We’ll do exactly what we did before, but we’re going to add a second argument to the function that allows us to look at players rated lower than our own. We’ll call this skillReduction and use it to change our filter criteria for the rating piece. It is set to 0 by default, in this case it will work just as it did above.

In [6]:
def cheapReplacement(player, skillReduction = 0):
    
    #Get the replacee with the name provided in the argument
    replacee = data[data['short_name'] == player][['short_name','wage_eur','value_eur','player_positions','overall','age']]

    #Assign the relevant details of this player to variables
    replaceePos = replacee['player_positions'].item()
    replaceeWage = replacee['wage_eur'].item()
    replaceeAge = replacee['age'].item()
    replaceeOverall = replacee['overall'].item() - skillReduction
    
    #Create the longlist of players that share the position
    longlist = data[data['player_positions'] == replaceePos][['short_name','wage_eur','value_eur','player_positions','overall','age']]
    
    
    #Create list of players that do not meet the rating criteria and drop them from the longlist
    removals = longlist[longlist['overall'] <= replaceeOverall].index
    longlist.drop(removals , inplace=True)
    
    #Repeat for players with higher wages
    removals = longlist[longlist['wage_eur'] > replaceeWage].index
    longlist.drop(removals , inplace=True)

    #Repeat for older players
    removals = longlist[longlist['age'] >= replaceeAge].index
    longlist.drop(removals , inplace=True)
    
    #Display the players that meet the requirements
    return longlist.sort_values("wage_eur")

And let’s give it a go for Fred

In [7]:
cheapReplacement('Fred')
Out[7]:
short_name wage_eur value_eur player_positions overall age
330 H. Aouar 59000 26000000 CM 81 21
259 K. Demirbay 75000 27500000 CM 82 25
245 Rúben Neves 89000 29000000 CM 82 22

Cha-ching, 46k-16k a week saved. Give me the job.

“FC Python, give us a cheaper centre back!”

In [8]:
cheapReplacement('V. Lindelöf')
Out[8]:
short_name wage_eur value_eur player_positions overall age
165 J. Tah 67000 31000000 CB 83 23
246 P. Kimpembe 75000 26500000 CB 82 23
73 M. de Ligt 76000 50000000 CB 85 19
170 M. Akanji 77000 31000000 CB 83 23
177 D. Sánchez 93000 30500000 CB 83 23

And another 30k-4k. Crack open Youtube and get your eyes around ‘TAH – WELCOME TO UNITED – GOALS & MONSTER TACKLES 19/20’.

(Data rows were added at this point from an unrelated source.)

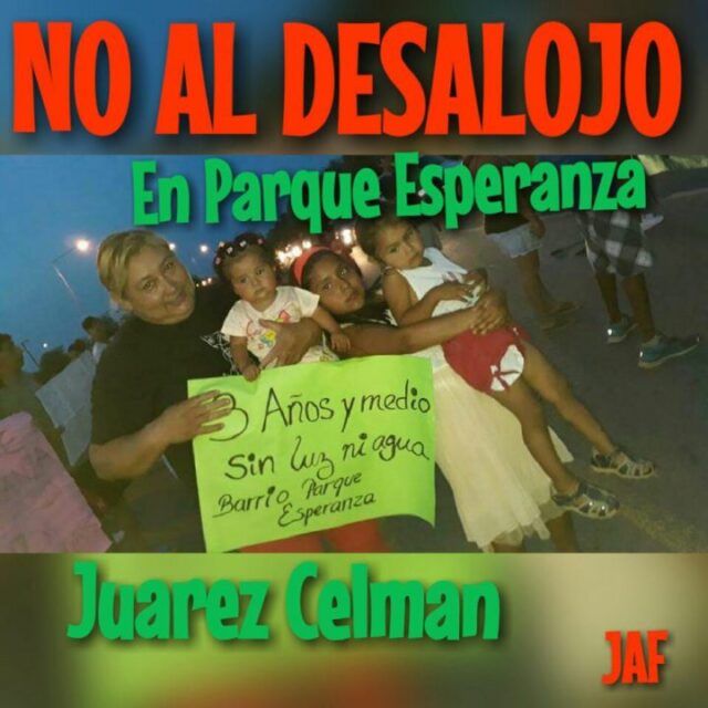 78 familias del Barrio Comunitario Parque Esperanza intentarán ser desalojadas el miércoles
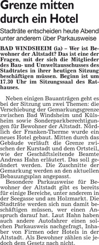 WZ 11. 10. 2016 "Grenze mitten durch ein Hotel"
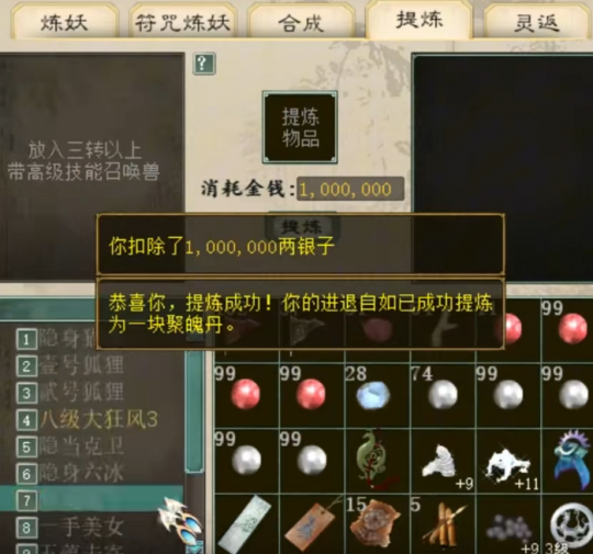 十只召唤兽,成功提炼出七颗聚魄丹,这几率有点夸张啊,基本没有比这更高的了吧? [编辑:韦小贝]

Last one, we’re going to check out Pogba’s possible replacements. And we’re going to assume that FIFA overrates him by 8 points, so we’ll accept players up to that level.

In [9]:
cheapReplacement('P. Pogba', 8)
Out[9]:
short_name wage_eur value_eur player_positions overall age
331 T. Ndombele 87000 26000000 CM, CDM 81 22
243 N. Keïta 95000 29000000 CM, CDM 82 24
166 C. Tolisso 110000 34000000 CM, CDM 83 24
338 E. Can 110000 23000000 CM, CDM 81 25
173 A. Rabiot 120000 33000000 CM, CDM 83 24
75 F. de Jong 195000 52000000 CM, CDM 85 22

Squad management/filtering dataframes 101 done, get your job applications out.

Developing this further, we could of course take more factors into account than the overall rating. Look at potential ability, key ability ratings, etc. for a better fit for the player.

You may also want to run the function that we made over a whole team to see potential savings. Then do it against loads of teams and compare squad strengths and potential savings. Would be interesting to see which teams are over and under paying for their squad!